Closed Bug 1066381 Opened 10 years ago Closed 10 years ago

Trivial Infinite Loop on e10s shows spinner

Categories

(Firefox :: General, defect)

35 Branch
x86_64
Windows 8.1
defect
Not set
normal

Tracking

()

RESOLVED FIXED
Tracking Status
e10s m4+ ---

People

(Reporter: suirtemedb, Assigned: billm)

References

Details

Attachments

(2 files)

User Agent: Mozilla/5.0 (Windows NT 6.3; WOW64; rv:35.0) Gecko/20100101 Firefox/35.0
Build ID: 20140911064110

Steps to reproduce:

Navigated to crashmybroswer.com and initiated the trivial infinite loop test


Actual results:

The other tabs that I had displayed black web pages


Expected results:

the other tabs should have not had any difference to them.
This issue is reproducible on the latest Nightly build id:20140911064110
Status: UNCONFIRMED → NEW
Ever confirmed: true
Component: Untriaged → General
tracking-e10s: --- → ?
e10s does not use a separate process for each tab. All tabs run in one content process that will be sandboxed from the OS.
This may be a dupe of m3 bug 1059494. Investigating..
Assignee: nobody → jmathies
(In reply to Jim Mathies [:jimm] from comment #3)
> This may be a dupe of m3 bug 1059494. Investigating..

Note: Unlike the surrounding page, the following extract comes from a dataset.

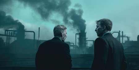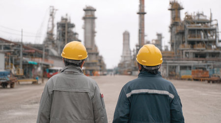 Two workers in safety helmets stand side by side, gazing at a large industrial plant under a gray sky. This image captures teamwork and professional diligence in a complex environment.
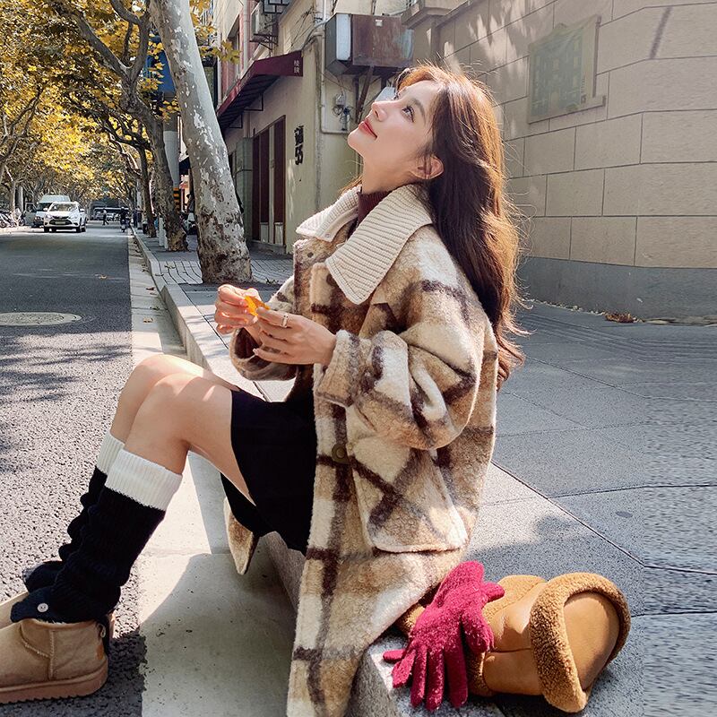 大人カジュアルなチェック柄のミドル丈チェスターコート。

No, looks like it's just a situation where the content process gets hung in a tight script loop, and for some reason this can cause other tabs to stop painting when selected. Chrome stays responsive.
Generally we operate correctly here - after a few seconds, the slow script dialog pops up, and that gives the user to break out of the loop. The only problem here has to do with painting other tabs prior to the slow script dialog.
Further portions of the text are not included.